# Personalized Stock Recommender Systems

In [22]:
# Import relevant packages
import pandas as pd
import numpy as np
import time

import matplotlib.pyplot as plt

import torch
import torch.optim as optim
from torch.utils.data import DataLoader

from src import mf_bpr, als, word2vec, utils, metrics
from data import data_utils

## Prepare Dummy Data

In [8]:
# Read data
train_data, test_data, num_users, num_items, train_matrix = data_utils.load_all()

In [11]:
# Construct the train and test datasets
train_dataset = data_utils.BPRData(train_data, num_items, train_matrix, 99, True)
test_dataset = data_utils.BPRData(test_data, num_items, train_matrix, 0, False)
train_loader = DataLoader(train_dataset, batch_size=4096, shuffle=True, num_workers=4)
test_loader = DataLoader(test_dataset, batch_size=100, shuffle=False, num_workers=0)

## Matrix Factorization with BPR

In [18]:
# Create model
model = mf_bpr.MF_BPR(num_users, num_items, 32)
optimizer = optim.SGD(model.parameters(), lr=0.01, weight_decay=0.001)

In [23]:
# Train the model
count, best_hr = 0, 0
for epoch in range(50):
	model.train() 
	start_time = time.time()
	train_loader.dataset.ng_sample()

	for user, item_i, item_j in train_loader:
		user = user
		item_i = item_i
		item_j = item_j

		model.zero_grad()
		prediction_i, prediction_j = model(user, item_i, item_j)
		loss = - (prediction_i - prediction_j).sigmoid().log().sum()
		loss.backward()
		optimizer.step()
		count += 1

	model.eval()
	HR, NDCG = evaluate.metrics(model, test_loader, 10)
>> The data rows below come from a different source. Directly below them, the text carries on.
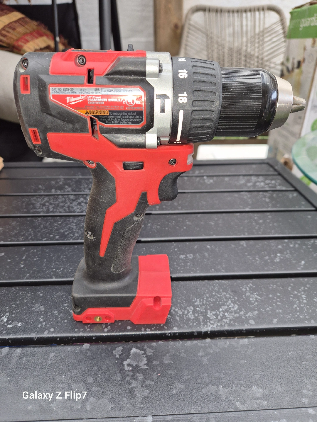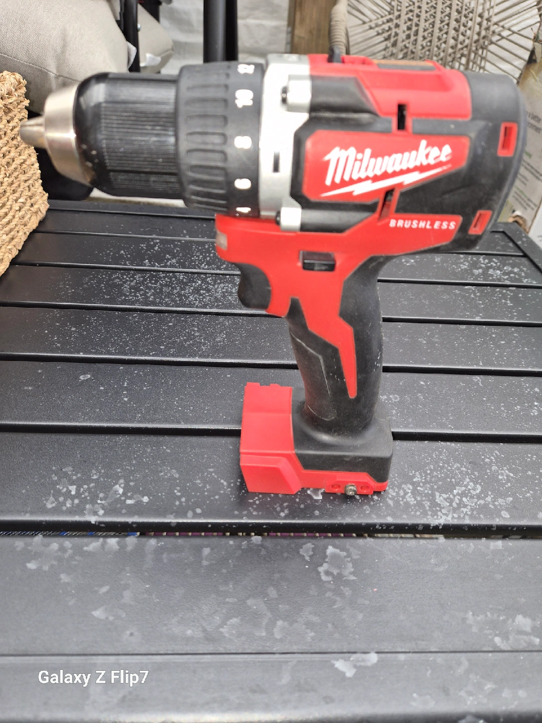 Selling a Milwaukee M18 cordless drill. It's in used condition but still works great! Perfect for any DIY projects or professional use. It has a brushless motor for efficient power and longer runtime. The drill is red and black. It's part of the M18 series from Milwaukee
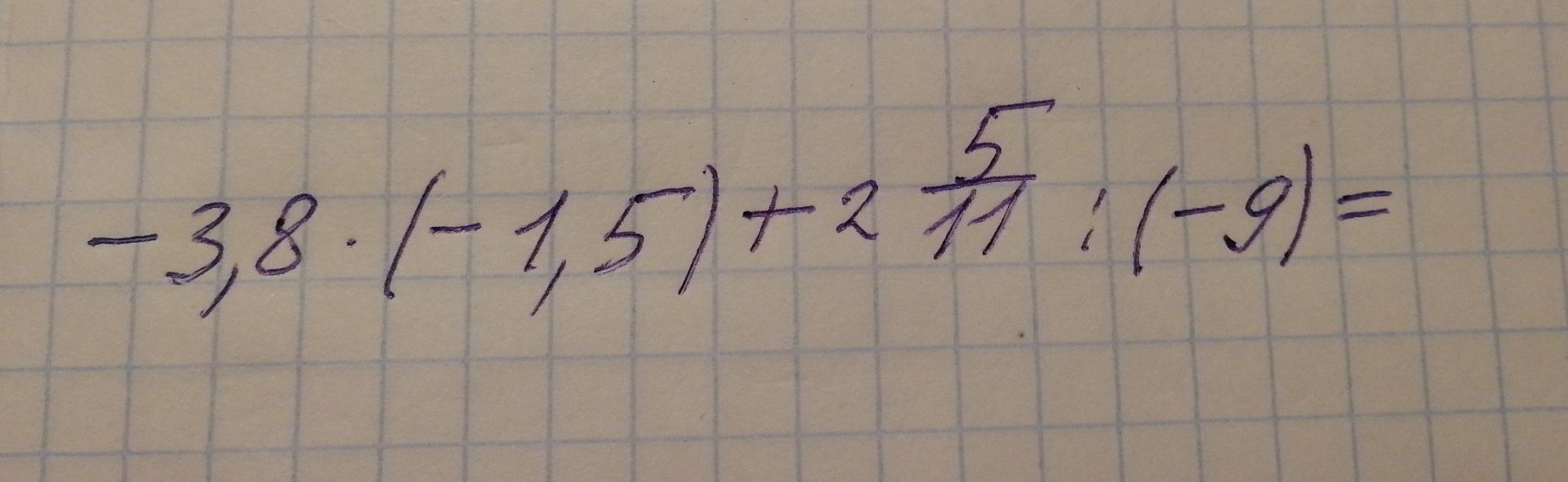 1)Первым действием умножаем-3,8*(-1,5)=5,7(при умножении минус на минус,получается положительное число)
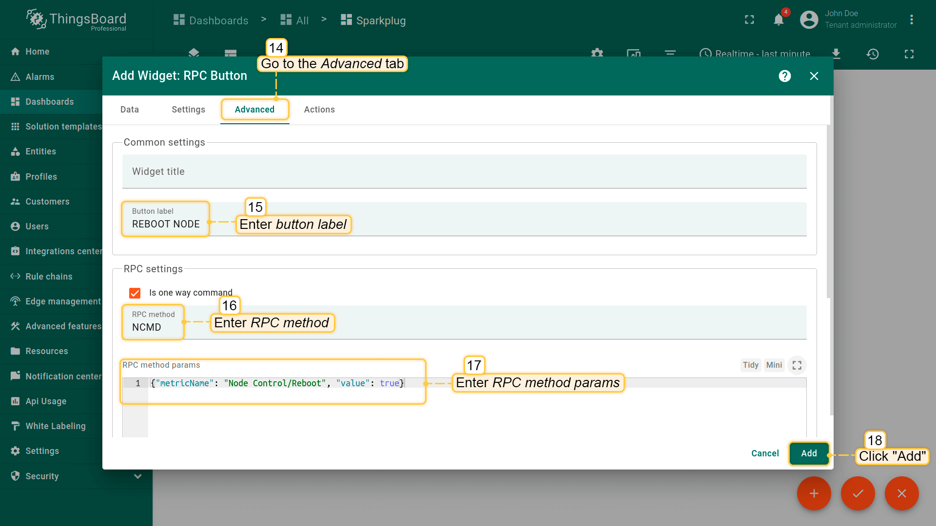 现在创建新部件。点击”添加新部件”,从下拉菜单选择控制部件包并选择RPC按钮部件。在数据字段选择已创建的别名(EoN Node)。 进入高级选项卡并输入按钮标签 - REBOOT NODE。在RPC设置中输入RPC方法 - “NCMD”(发给EoN节点的命令)和RPC方法参数 - “{“metricName”: “Node Control/Reboot”, “value”: true}“。点击添加并保存更改。
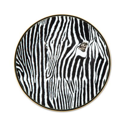 Complete your table setting with the Asprey Zebra Side Plate. Crafted from fine bone china, this collection showcases a hand-painted zebra pattern. It features a hidden eye, adding a playful touch and has a hand finished yellow gold and black trim. Asprey's meticulous craftsmanship is evident in every detail, adding a touch of refined elegance to your dining experience — a perfect complement to the Asprey Zebra Collection.
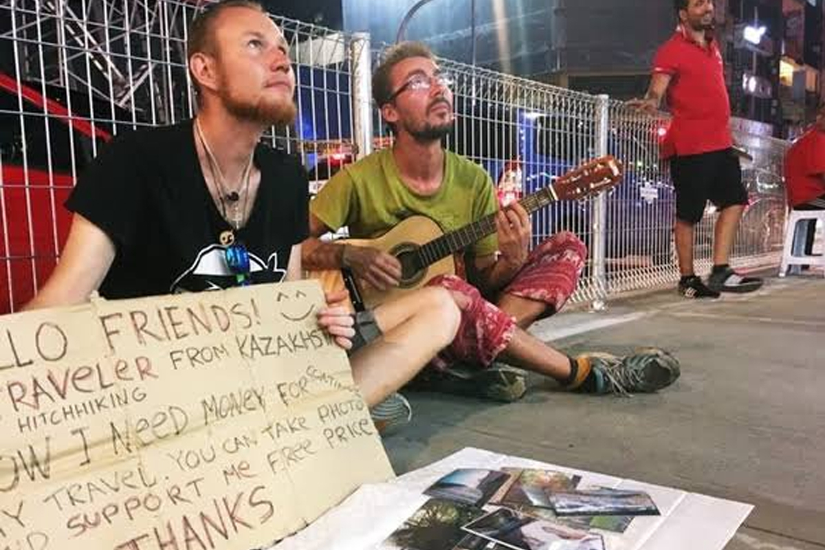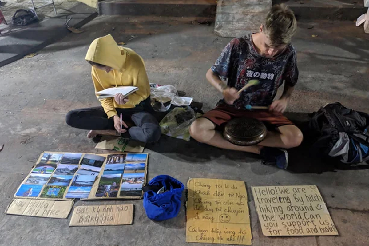 팻말에는 “안녕하세요. 우리는 러시아에서 왔습니다. 5년 동안 돈 없이 여행하고 있습니다. 우리의 여행을 도와주시면 감사하겠습니다”라는 내용이 담겨 있었죠.
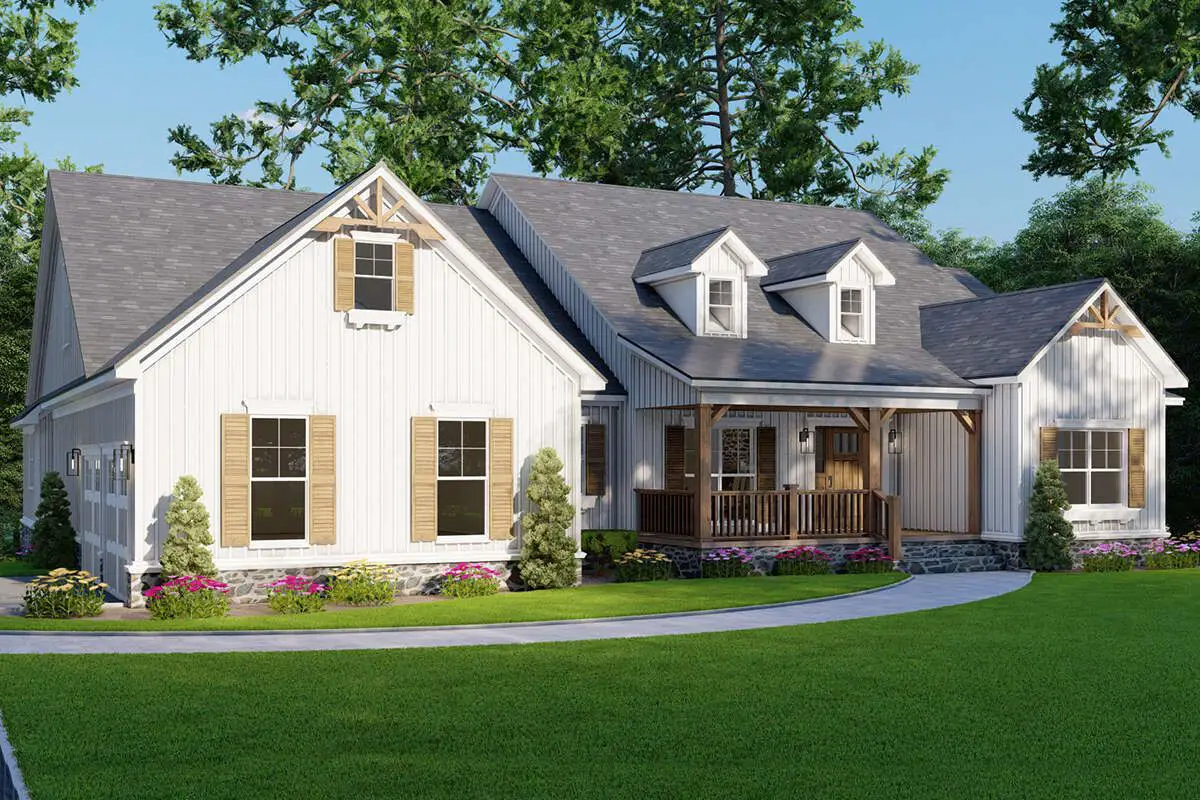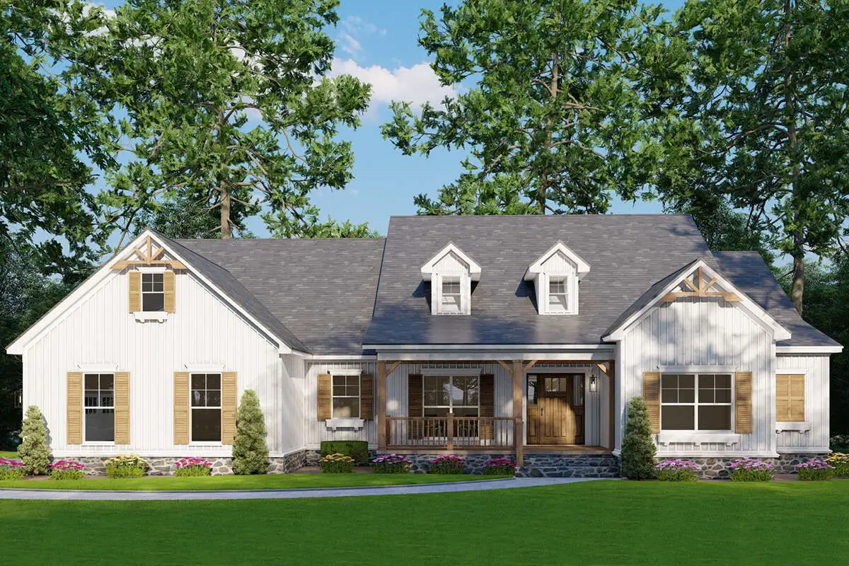 This modern farmhouse plan is ideal for families who appreciate open living zones and stylish architectural details. Its central gathering spaces make it easy to host family dinners, celebrations, or quiet evenings at home. Private bedroom zones and multiple full baths help daily living flow smoothly, while covered porch areas invite you to enjoy fresh air and outdoor living comfortably. Thoughtful storage, dedicated laundry space, and flexible zones like a secondary bedroom or office help make daily routines organized and adaptable as your lifestyle evolves.

	elapsed_time = time.time() - start_time
	print("The time elapse of epoch {:03d}".format(epoch) + " is: " + 
			time.strftime("%H: %M: %S", time.gmtime(elapsed_time)))
	print("HR: {:.3f}\tNDCG: {:.3f}".format(np.mean(HR), np.mean(NDCG)))

	if HR > best_hr:
		best_hr, best_ndcg, best_epoch = HR, NDCG, epoch

print("End. Best epoch {:03d}: HR = {:.3f}, \
	NDCG = {:.3f}".format(best_epoch, best_hr, best_ndcg))

KeyboardInterrupt: 

## Alternating Least Squares

In [None]:
# Train model
als_model = als.ALS(sparse_item_user)
als_model.train_model()

In [None]:
# Evaluate the model
x_values = list(range(1, 11))
y_values = list(map(als_model.test_model, x_values))

In [None]:
# Visualize the results
%matplotlib qt
x = [1, 2, 3, 4, 5, 6, 7, 8, 9, 10]
y = (np.array([0.84, 0.77, 0.74, 0.70, 0.68, 0.66, 0.65, 0.65, 0.647, 0.645])
    + np.random.rand(10)*0.15)
plt.scatter(x, y)
plt.title("AUC over K-Value of Alternating Least Squares")
plt.ylabel("AUC")
plt.xlabel("K-Value")
plt.ylim((0, 1))

## Word2Vec

In [None]:
%matplotlib qt
x = [1, 2, 3, 4, 5, 6, 7, 8, 9, 10]
y = (np.array([0.79, 0.78, 0.77, 0.76, 0.75, 0.74, 0.73, 0.72, 0.72, 0.71])
    + np.random.rand(10)*0.15)
plt.scatter(x, y)
plt.title("AUC over K-Value of Word2Vec")
plt.ylabel("AUC")
plt.xlabel("K-Value")
plt.ylim((0, 1))